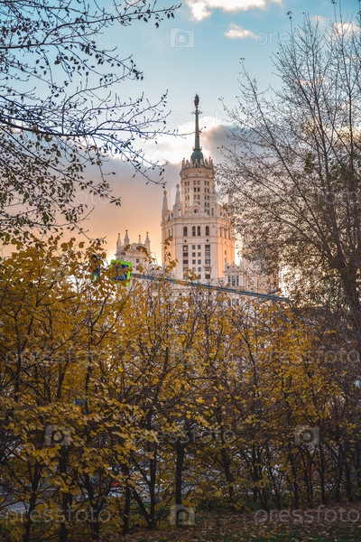 Сталинская высотки сквозь осенние деревья на закате
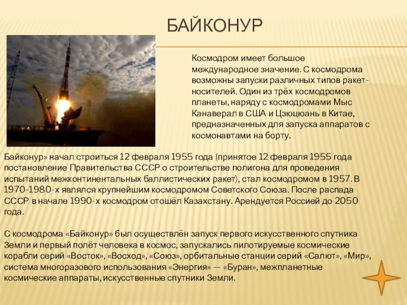Байконур» начал строиться 12 февраля 1955 года (принятое 12 февраля 1955 года постановление Правительства СССР о строительстве полигона для проведения испытаний межконтинентальных баллистических ракет), стал космодромом в 1957. В 1970-1980-х являлся крупнейшим космодромом Советского Союза. После распада СССР в начале 1990-х космодром отошёл Казахстану. Арендуется Россией до 2050 года.
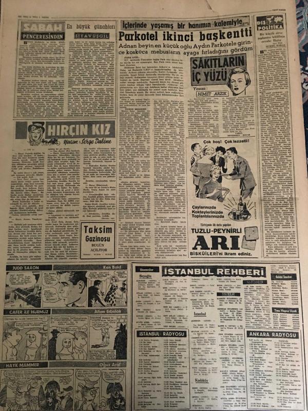 YENİ SABAH GAZETESİ 21 EKİM 1960 YIL :23 SAYI :7763---Bayarla Ökmen müdafaalarını yaptılar : Duruşma karar için pazartesiye bırakıldı --Amerikan 6. filosu Ege de büyük bir tatbikat yaptı --Anayasa Mahkemesi Kararlarını Kesin Olacak ---Gebze civarında iki keşif uçağı çarpıştı ---Vali Refik Tulga 2000 lise öğrencisi ile dün sohbet toplantısı yaptı ---En büyük günahları :Siyavuşgil --İstanbul Rehberi ---Mısırlılar bir İsrail uçağını düşürdüler ---Karl Hüseyin in uçağı 2 defa mecburi iniş yaptı --Üç büyükler kendi maçlarını Ankara da oynamak istiyorlar ---Fenerbahçe -A.Gücü ,Galatasaray -Altay ---Serbest güreşte jandarma birinci --Dünyanın en iyi atleti : Elliott --Milli takım kadrosunda değişiklikler yapılacak --Türkiye de fikir gazeteciliğinin 100. yıldönümü ---Bayar ın kızı N.Gürsoy un gazetecilerle arası düzeldi --Yüksek Adalet Divanının Tutumu Son Derece Adil --Bayar ve F.K Gökay ın Atina fahri hemşehrisi payeleri geri alındı ---, SAFA KILIÇLIOĞLU tarafından kaleme alınmıştır. Kitap 1960 yılında [YENİ SABAH MATBAA] o ISBN kodu ile yayınlanmıştır. 6 sayfadır. YENİ SABAH GAZETESİ 21 EKİM 1960 YIL :23 SAYI :7763---Bayarla Ökmen müdafaalarını yaptılar : Duruşma karar için pazartesiye bırakıldı --Amerikan 6. filosu Ege de büyük bir tatbikat yaptı --Anayasa Mahkemesi Kararlarını Kesin Olacak ---Gebze civarında iki keşif uçağı çarpıştı ---Vali Refik Tulga 2000 lise öğrencisi ile dün sohbet toplantısı yaptı ---En büyük günahları :Siyavuşgil --İstanbul Rehberi ---Mısırlılar bir İsrail uçağını düşürdüler ---Karl Hüseyin in uçağı 2 defa mecburi iniş yaptı --Üç büyükler kendi maçlarını Ankara da oynamak istiyorlar ---Fenerbahçe -A.Gücü ,Galatasaray -Altay ---Serbest güreşte jandarma birinci --Dünyanın en iyi atleti : Elliott --Milli takım kadrosunda değişiklikler yapılacak --Türkiye de fikir gazeteciliğinin 100. yıldönümü ---Bayar ın kızı N.Gürsoy un gazetecilerle arası düzeldi --Yüksek Adalet Divanının Tutumu Son Derece Adil --Bayar ve F.K Gökay ın Atina fahri hemşehrisi payeleri geri alındı --- adlı eser Türkçe dilindedir.
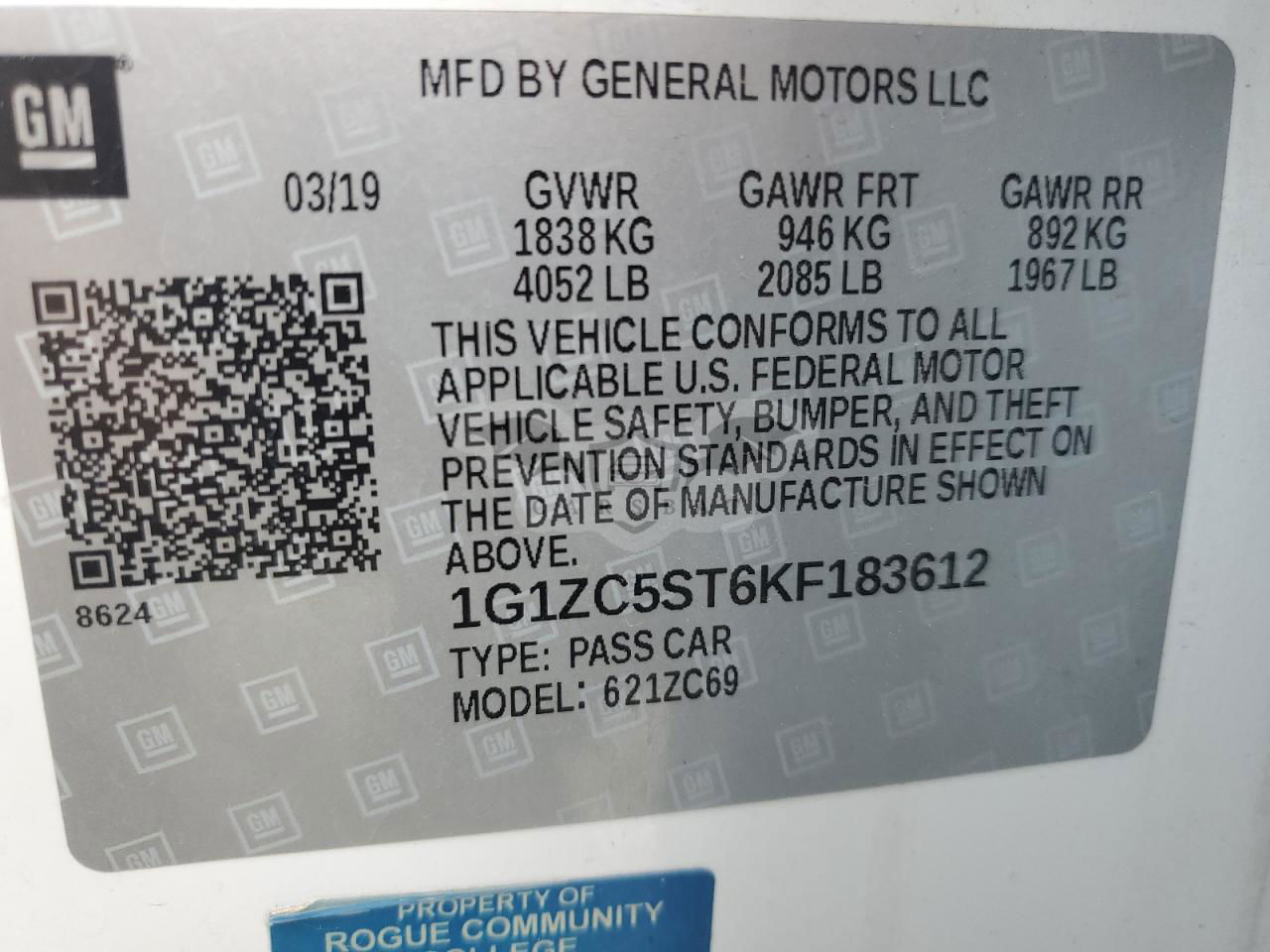 • VIN: 1G1ZC5ST6KF183612
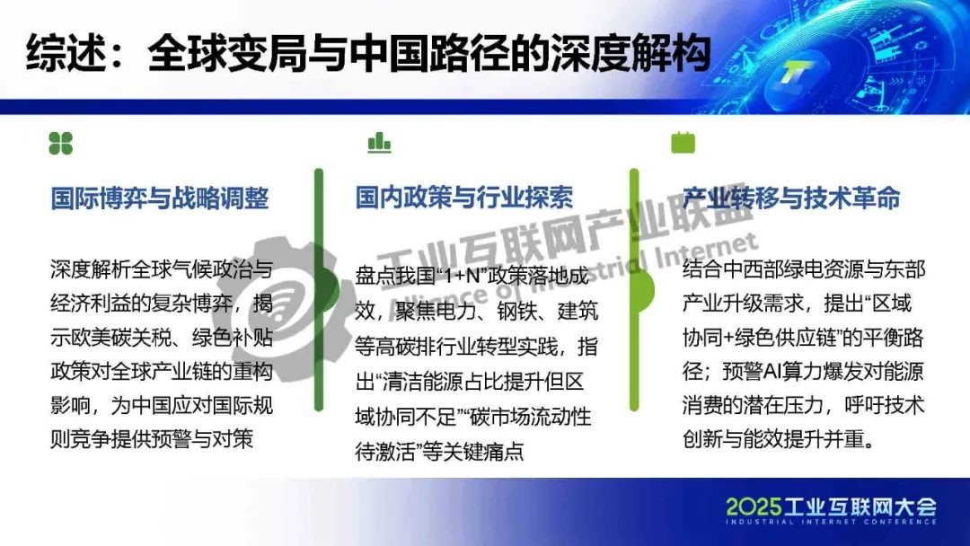 全球變局與中國路徑的深度解構(gòu):一是深度解析全球氣候政治與經(jīng)濟(jì)利益的復(fù)雜博弈,揭示歐美碳關(guān)稅、綠色補(bǔ)貼政策對全球產(chǎn)業(yè)鏈的重構(gòu)影響,為中國應(yīng)對國際規(guī)則競爭提供預(yù)警與對策;二是盤點我國“1+N”政策落地成效,聚焦電力、鋼鐵、建筑等高碳排行業(yè)轉(zhuǎn)型實踐,指出“清潔能源占比提升但區(qū)域協(xié)同不足”“碳市場流動性待激活”等關(guān)鍵痛點;三是結(jié)合中西部綠電資源與東部產(chǎn)業(yè)升級需求,提出“區(qū)域協(xié)同+綠色供應(yīng)鏈”的平衡路徑;預(yù)警AI算力爆發(fā)對能源消費(fèi)的潛在壓力,呼吁技術(shù)創(chuàng)新與能效提升并重。
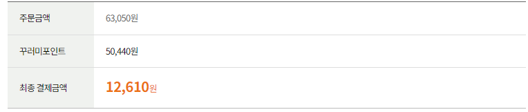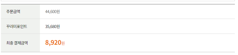 총 51,200원인데 포인트로 40,960원(80%)이 결제되고 실제 내가 결제할 금액은 10,240원이었다.
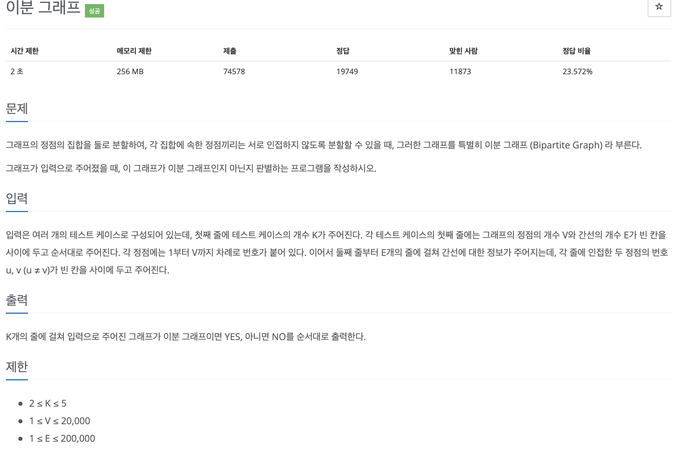 이분 그래프 판단 방법으로 대표적 2개가 있다 dfs와 bfs를 통해서 해결할 수 있는데 bfs를 이용해서 같은 위치(같은 최단거리)일때 서로 연결 되어있으면 안된다라고 생각 하고 풀었다 하지만 같은 위치의 정점을 또 모두 if문을 돌리기에는 시간 초과가 날것 같았다
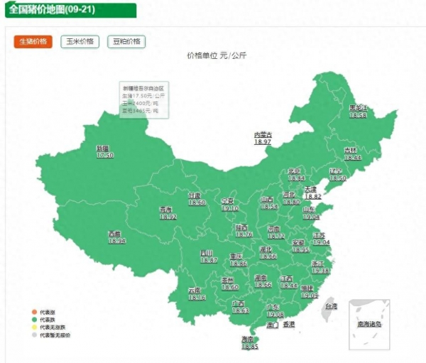 据猪好多数据监测显示,今日全国外三元生猪均价为18.79元/公斤,较昨日深跌0.17元/公斤。其中北京深跌0.41元/公斤,天津下跌0.34元/公斤,广东大跌0.42元/公斤。全国范围内仅有山东、浙江、福建、江苏、上海、广东等几个地区,均价还在19元区间,其他地区均已跌至18元区间。新疆为全国猪价盆地,均价仅为17.5元/公斤。
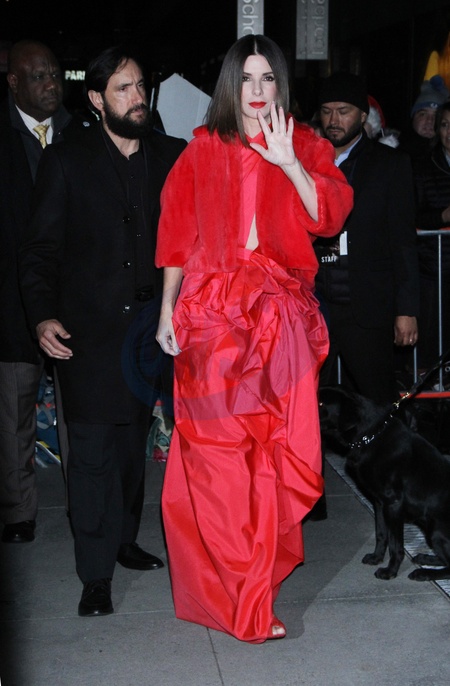 Sandra Bullock w czerwonej sukni na pokazie Bird Box
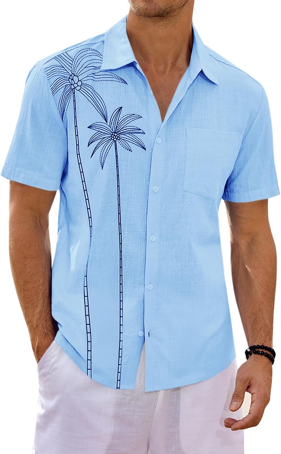 Runcati Mens Hawaiian Shirt Short Sleeve Button Down Summer Beach Vacation Cotton Linen Shirts
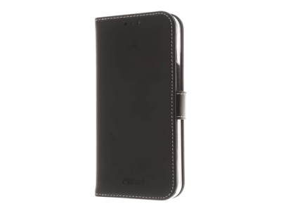 Insmat Exclusive - Lommebok for mobiltelefon - ekte skinn, polykarbonat, bomullssting, kartong+papir - svart - for Apple iPhone 14 Plus
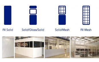 The panels are bolted to the floor which means it has the added benefit of being de-mountable and re-locatable with a minimum of effort. Europa’s standard range comes in a wide variety of width options; however standard configurations do not always fit into required spaces, therefore the non-standard or bespoke design is always an option. Europa is also available in various vertical configurations - all solid, solid/glass/solid, solid/mesh, and all mesh.
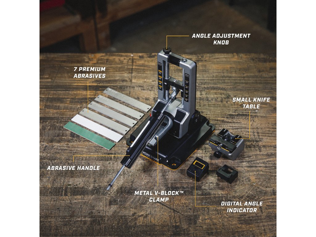 Nový model brúsky na nože Work Sharp Professional Precision Adjust Knife Sharpener (2023) je kompletný uhlovo nastaviteľný systém ostrenia nožov s kovovou konštrukciou, digitálnym indikátorom uhla a siedmimi brúsnymi zrnitosťami.
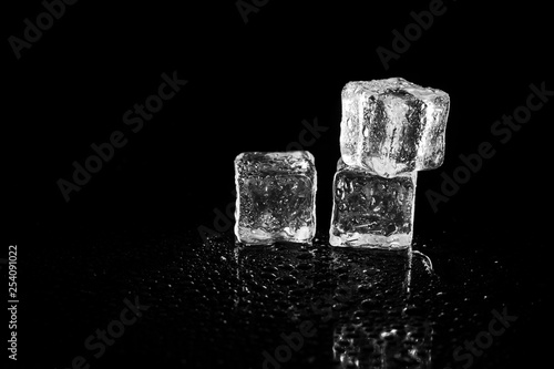 ice cubes reflection on black table background.
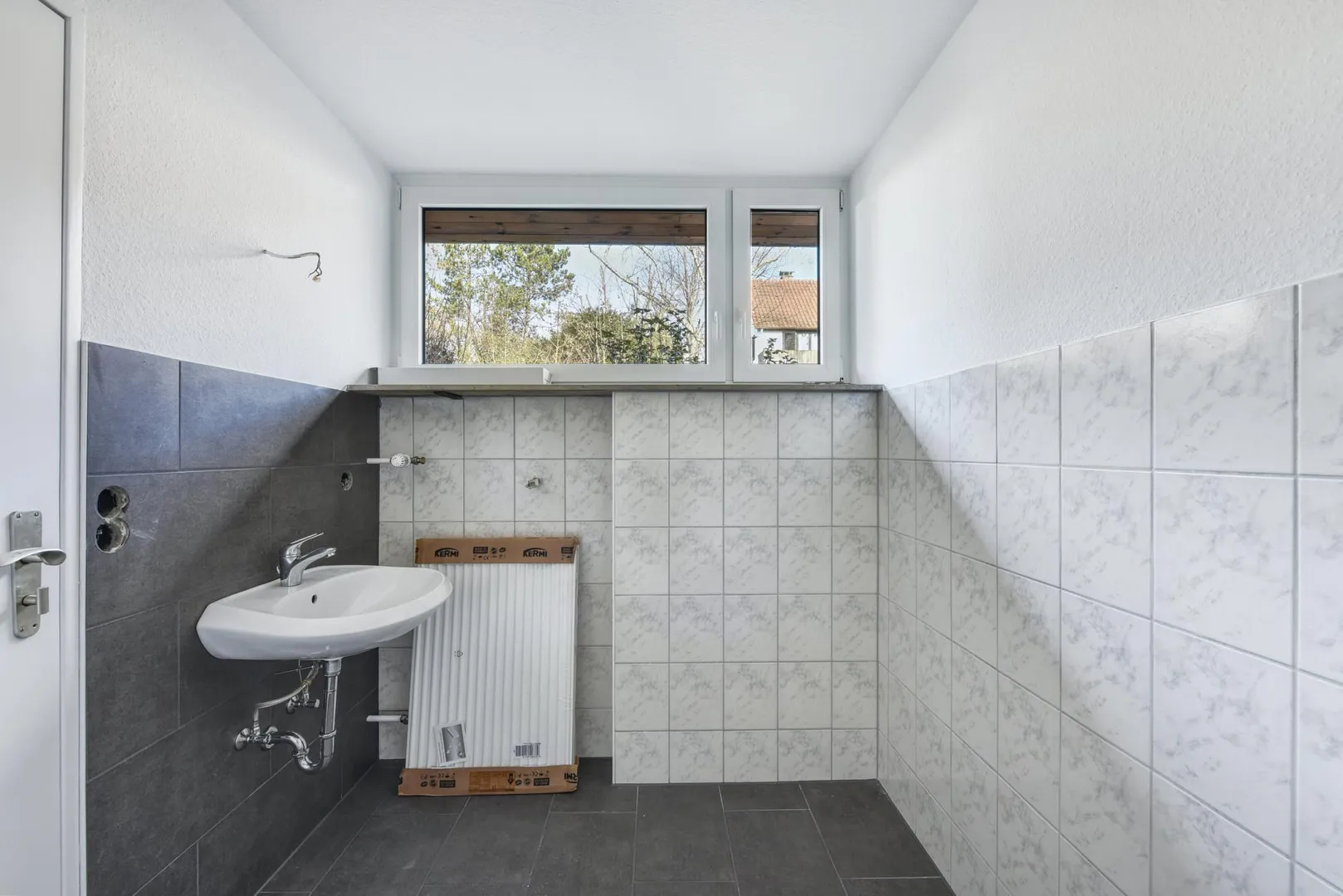 2 Zimmer mit Laminatböden, Kunststofffenster von 2015, Raufasertapeten und Holzdecken; ein raumhoch gefliestes Badezimmer mit Fenster, Fliesenboden, Dusche und WC. Eine Küche mit einer Küchenzeile, welche als Durchgang zum gemeinschaftlichen Wasch-/Trockenraum sowie zum Abstellraum der Dachgeschoss-Wohnung genutzt wird. Die Raumhöhe beträgt ca. 2,19 Meter.

========================================================================

### [About this task]
Give the listing again word for word. Skip any pictures.

### [Result below]
 Сталинская высотки сквозь осенние деревья на закате
Байконур» начал строиться 12 февраля 1955 года (принятое 12 февраля 1955 года постановление Правительства СССР о строительстве полигона для проведения испытаний межконтинентальных баллистических ракет), стал космодромом в 1957. В 1970-1980-х являлся крупнейшим космодромом Советского Союза. После распада СССР в начале 1990-х космодром отошёл Казахстану. Арендуется Россией до 2050 года.
 YENİ SABAH GAZETESİ 21 EKİM 1960 YIL :23 SAYI :7763---Bayarla Ökmen müdafaalarını yaptılar : Duruşma karar için pazartesiye bırakıldı --Amerikan 6. filosu Ege de büyük bir tatbikat yaptı --Anayasa Mahkemesi Kararlarını Kesin Olacak ---Gebze civarında iki keşif uçağı çarpıştı ---Vali Refik Tulga 2000 lise öğrencisi ile dün sohbet toplantısı yaptı ---En büyük günahları :Siyavuşgil --İstanbul Rehberi ---Mısırlılar bir İsrail uçağını düşürdüler ---Karl Hüseyin in uçağı 2 defa mecburi iniş yaptı --Üç büyükler kendi maçlarını Ankara da oynamak istiyorlar ---Fenerbahçe -A.Gücü ,Galatasaray -Altay ---Serbest güreşte jandarma birinci --Dünyanın en iyi atleti : Elliott --Milli takım kadrosunda değişiklikler yapılacak --Türkiye de fikir gazeteciliğinin 100. yıldönümü ---Bayar ın kızı N.Gürsoy un gazetecilerle arası düzeldi --Yüksek Adalet Divanının Tutumu Son Derece Adil --Bayar ve F.K Gökay ın Atina fahri hemşehrisi payeleri geri alındı ---, SAFA KILIÇLIOĞLU tarafından kaleme alınmıştır. Kitap 1960 yılında [YENİ SABAH MATBAA] o ISBN kodu ile yayınlanmıştır. 6 sayfadır. YENİ SABAH GAZETESİ 21 EKİM 1960 YIL :23 SAYI :7763---Bayarla Ökmen müdafaalarını yaptılar : Duruşma karar için pazartesiye bırakıldı --Amerikan 6. filosu Ege de büyük bir tatbikat yaptı --Anayasa Mahkemesi Kararlarını Kesin Olacak ---Gebze civarında iki keşif uçağı çarpıştı ---Vali Refik Tulga 2000 lise öğrencisi ile dün sohbet toplantısı yaptı ---En büyük günahları :Siyavuşgil --İstanbul Rehberi ---Mısırlılar bir İsrail uçağını düşürdüler ---Karl Hüseyin in uçağı 2 defa mecburi iniş yaptı --Üç büyükler kendi maçlarını Ankara da oynamak istiyorlar ---Fenerbahçe -A.Gücü ,Galatasaray -Altay ---Serbest güreşte jandarma birinci --Dünyanın en iyi atleti : Elliott --Milli takım kadrosunda değişiklikler yapılacak --Türkiye de fikir gazeteciliğinin 100. yıldönümü ---Bayar ın kızı N.Gürsoy un gazetecilerle arası düzeldi --Yüksek Adalet Divanının Tutumu Son Derece Adil --Bayar ve F.K Gökay ın Atina fahri hemşehrisi payeleri geri alındı --- adlı eser Türkçe dilindedir.
 • VIN: 1G1ZC5ST6KF183612
 全球變局與中國路徑的深度解構(gòu):一是深度解析全球氣候政治與經(jīng)濟(jì)利益的復(fù)雜博弈,揭示歐美碳關(guān)稅、綠色補(bǔ)貼政策對全球產(chǎn)業(yè)鏈的重構(gòu)影響,為中國應(yīng)對國際規(guī)則競爭提供預(yù)警與對策;二是盤點我國“1+N”政策落地成效,聚焦電力、鋼鐵、建筑等高碳排行業(yè)轉(zhuǎn)型實踐,指出“清潔能源占比提升但區(qū)域協(xié)同不足”“碳市場流動性待激活”等關(guān)鍵痛點;三是結(jié)合中西部綠電資源與東部產(chǎn)業(yè)升級需求,提出“區(qū)域協(xié)同+綠色供應(yīng)鏈”的平衡路徑;預(yù)警AI算力爆發(fā)對能源消費(fèi)的潛在壓力,呼吁技術(shù)創(chuàng)新與能效提升并重。
 총 51,200원인데 포인트로 40,960원(80%)이 결제되고 실제 내가 결제할 금액은 10,240원이었다.
 이분 그래프 판단 방법으로 대표적 2개가 있다 dfs와 bfs를 통해서 해결할 수 있는데 bfs를 이용해서 같은 위치(같은 최단거리)일때 서로 연결 되어있으면 안된다라고 생각 하고 풀었다 하지만 같은 위치의 정점을 또 모두 if문을 돌리기에는 시간 초과가 날것 같았다
 据猪好多数据监测显示,今日全国外三元生猪均价为18.79元/公斤,较昨日深跌0.17元/公斤。其中北京深跌0.41元/公斤,天津下跌0.34元/公斤,广东大跌0.42元/公斤。全国范围内仅有山东、浙江、福建、江苏、上海、广东等几个地区,均价还在19元区间,其他地区均已跌至18元区间。新疆为全国猪价盆地,均价仅为17.5元/公斤。
 Sandra Bullock w czerwonej sukni na pokazie Bird Box
 Runcati Mens Hawaiian Shirt Short Sleeve Button Down Summer Beach Vacation Cotton Linen Shirts
 Insmat Exclusive - Lommebok for mobiltelefon - ekte skinn, polykarbonat, bomullssting, kartong+papir - svart - for Apple iPhone 14 Plus
 The panels are bolted to the floor which means it has the added benefit of being de-mountable and re-locatable with a minimum of effort. Europa’s standard range comes in a wide variety of width options; however standard configurations do not always fit into required spaces, therefore the non-standard or bespoke design is always an option. Europa is also available in various vertical configurations - all solid, solid/glass/solid, solid/mesh, and all mesh.
 Nový model brúsky na nože Work Sharp Professional Precision Adjust Knife Sharpener (2023) je kompletný uhlovo nastaviteľný systém ostrenia nožov s kovovou konštrukciou, digitálnym indikátorom uhla a siedmimi brúsnymi zrnitosťami.
 ice cubes reflection on black table background.
 2 Zimmer mit Laminatböden, Kunststofffenster von 2015, Raufasertapeten und Holzdecken; ein raumhoch gefliestes Badezimmer mit Fenster, Fliesenboden, Dusche und WC. Eine Küche mit einer Küchenzeile, welche als Durchgang zum gemeinschaftlichen Wasch-/Trockenraum sowie zum Abstellraum der Dachgeschoss-Wohnung genutzt wird. Die Raumhöhe beträgt ca. 2,19 Meter.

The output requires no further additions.